Wilkins’ life story is as multifaceted as her music. Her and her five brothers were raised by her mother in Norway, and Wilkins’ love of music stemmed from her mom's obsession with particular records and spinning them daily for months at a time. “I didn’t know that it wasn’t normal to listen to music 20 hours a day,” she says with a laugh.
At the age of 12, her friend’s dad taught her three chords of a Bob Dylan song on guitar, and for nearly a decade those were the only notes she knew. As a tween, she’d occasionally translate them into black-metal riffs while her brother (who’s now a professional black metal musician in the Norwegian band Asaru) would pound on the double-bass drum.
However, her mother urged her to choose between her hobbies in her teens, and Wilkins landed on dance. It wasn’t until she was a 20-year-old living in New York that she decided to buy a guitar, mostly because she was bored and lonely, but also because she had always been drawn to songwriting as both an art form and a way to process her experiences.

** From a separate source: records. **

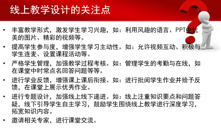 调整现阶段线上教学工作中的不足,进一步贯彻落实学校教学及督导工作相关文件精神,确保线上教学工作的高质量、高效率进行具有重要意义。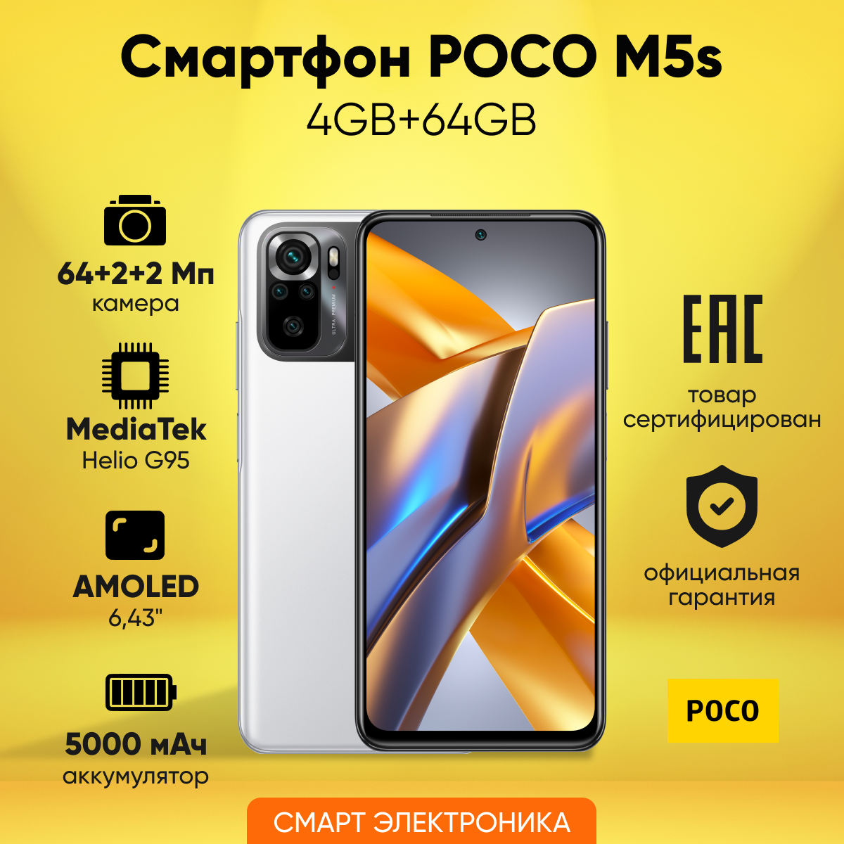 Купить Смартфон Xiaomi POCO M5s 4/64 ГБ RU, Dual nano SIM, белый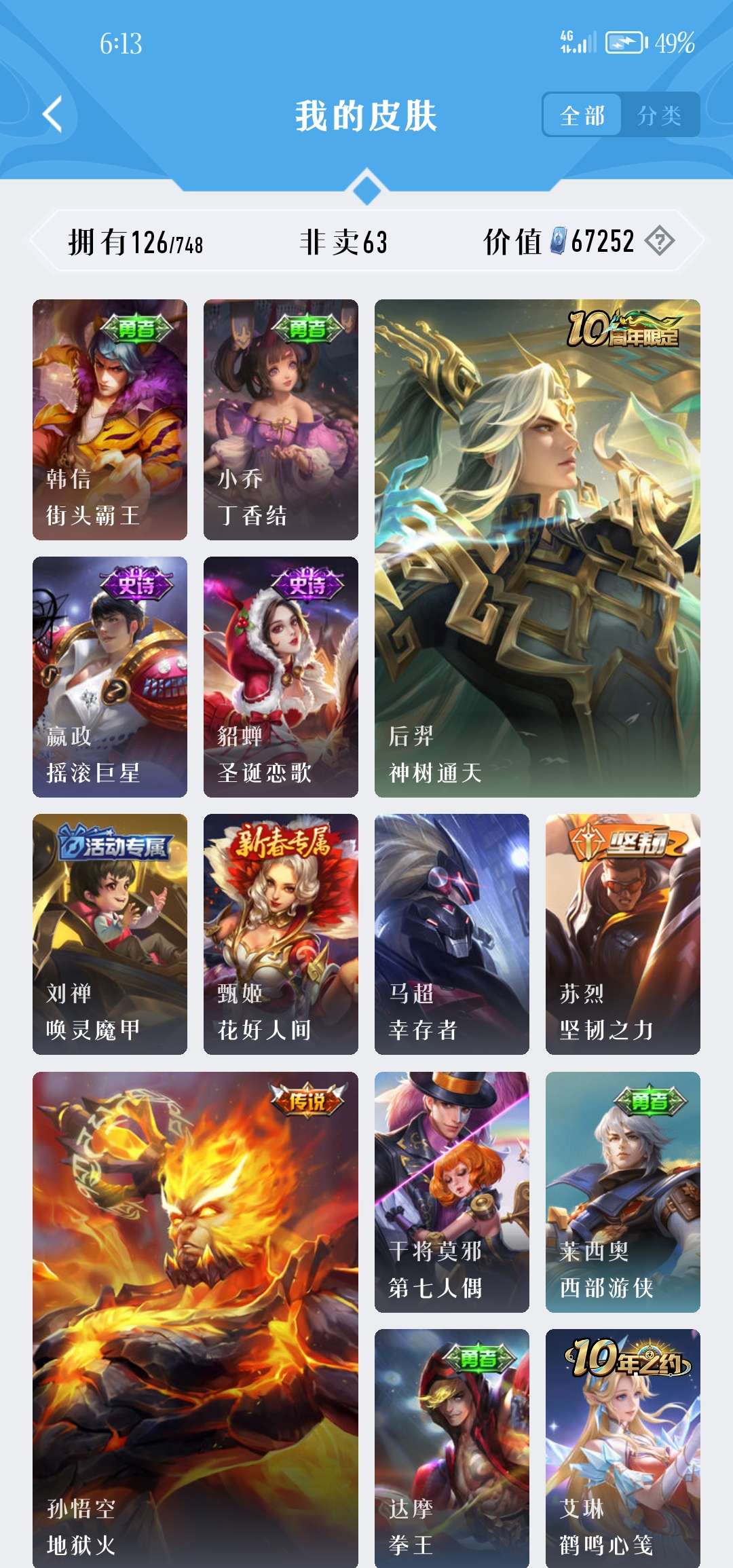 皮肤126 英雄125 荣耀王者 传说3 其他皮肤42-自己的小号不玩了也没有怎么充钱

“It’s more than catharsis,” she says. “I think the easiest way to put it is to try and make something beautiful out of something that is not. And so just writing down something that is not great, a bad feeling, isn’t actually that fulfilling to me unless it becomes something else in the process. And normally that’s a song for me.”
Although she’s been modeling full-time for ten years, she considers that her day job; something that pays the bills but that she doesn’t feel creatively inspired by. She’s also acted in a few feature films, most notably the 2017 horror flick Thelma, but she says she struggles to get self tapes in on time when she gets scripts for prospective roles. Right now, her music career is her focus and Watch This Liquid Pour Itself sounds like the result of an artist going all-in.
Wilkins brought on two different producers, Jacob Portrait (Whitney, (Sandy) Alex G) and John Kirby (Solange, Kali Uchis), and the album sounds like the midway point between their respective catalogs: a smorgasbord of minimalist indie-pop and sleek R&B. The songs sound meticulously tinkered over, which they are, but her stream-of-conscious lyrical style comes across as raw and untouched. Interestingly, Wilkins says her songs actually go through a large number of drafts before she hits the studio, but they’re all based on what she calls “the stream.”
“That is the theme of this record. Is spilling it out as it’s happening, and letting it in. But I think what I’m trying to do with the liquid and the purge is sort of shape it afterward so it feels like it transcends the actual mood and can become something else. [Other] than just a bad experience -- or a good experience -- or whatever I’m experiencing at that time.”
That vivid idea of the purge originally came to her when she stumbled on a cool science video during a random YouTube binge, which had the phrase “watch this liquid pour itself” in the title. The clip shows a guy demonstrating the bizarre physical attributes of a substance called polyethylene glycol, which will ooze violently out of its container with only a fraction of the effort needed to tip over a glass of water. Wilkins instantly recognized an association between the way the substance unloads and her tendency to purge emotions.
“You know when people talk about objects and are like, ‘That’s so me.’ I think that YouTube video’s the closest thing to an object that feels like me. I just connected to it.”
She hopes that listeners form a similar connection when they hear her pour herself out on the record.